» **PROBLEM TO WORK ON**
Your task is to restate word for word the lines in the material below, from the one with "铜师傅(00664.HK)发" up to and including the one with "만약 온라인이 어렵다면, 가까운". Do not carry over the pictures.

-- INFORMATION SUPPLIED follows --

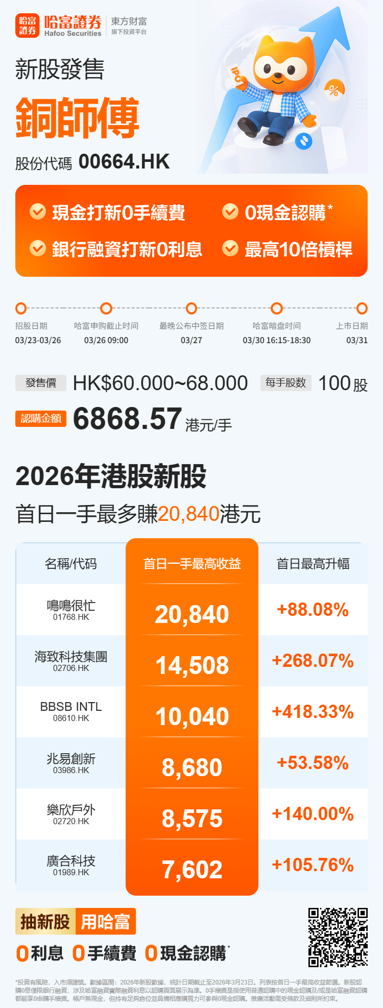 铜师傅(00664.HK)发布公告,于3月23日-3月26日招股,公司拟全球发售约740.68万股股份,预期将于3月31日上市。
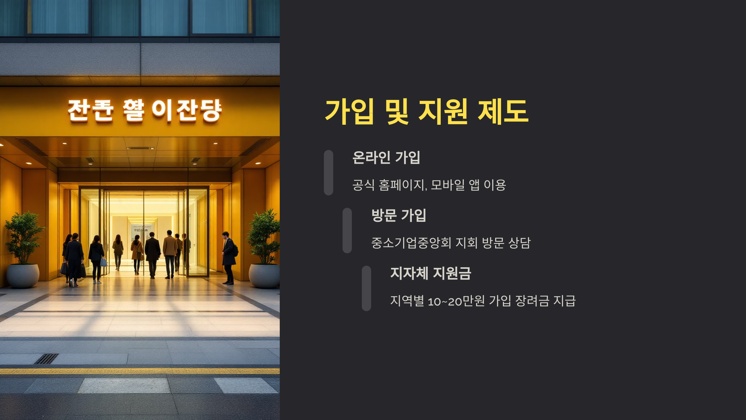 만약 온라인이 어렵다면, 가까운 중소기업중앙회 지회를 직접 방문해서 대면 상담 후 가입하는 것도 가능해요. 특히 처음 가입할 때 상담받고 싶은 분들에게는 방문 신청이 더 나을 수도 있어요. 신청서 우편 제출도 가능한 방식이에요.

-- INFORMATION SUPPLIED concluded --
-- INFORMATION SUPPLIED follows --

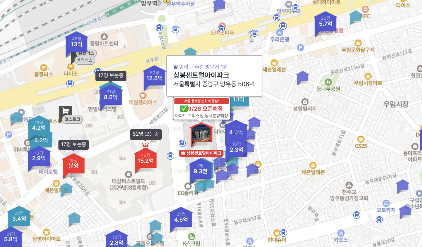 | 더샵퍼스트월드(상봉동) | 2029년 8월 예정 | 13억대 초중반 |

-- INFORMATION SUPPLIED concluded --
-- INFORMATION SUPPLIED follows --

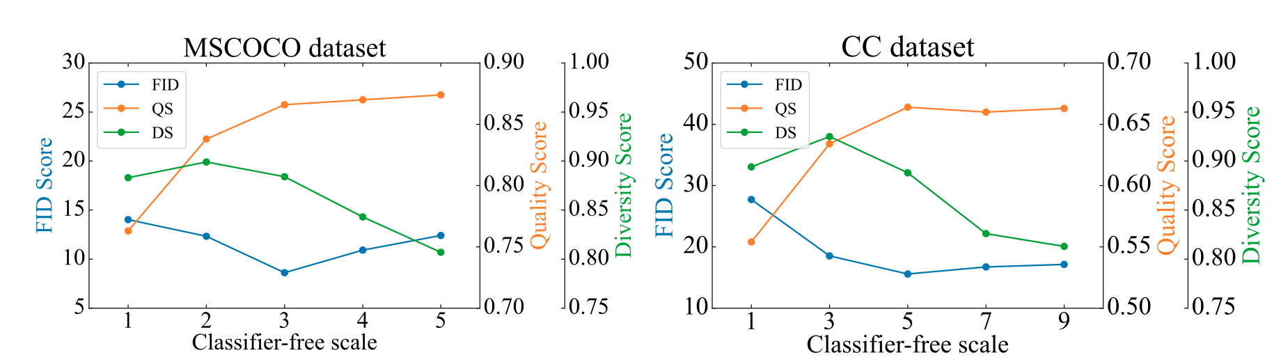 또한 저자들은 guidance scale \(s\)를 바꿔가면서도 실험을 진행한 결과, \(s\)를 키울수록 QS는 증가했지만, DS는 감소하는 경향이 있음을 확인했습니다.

-- INFORMATION SUPPLIED concluded --

» **SOLUTION**
 铜师傅(00664.HK)发布公告,于3月23日-3月26日招股,公司拟全球发售约740.68万股股份,预期将于3月31日上市。
 만약 온라인이 어렵다면, 가까운 중소기업중앙회 지회를 직접 방문해서 대면 상담 후 가입하는 것도 가능해요. 특히 처음 가입할 때 상담받고 싶은 분들에게는 방문 신청이 더 나을 수도 있어요. 신청서 우편 제출도 가능한 방식이에요.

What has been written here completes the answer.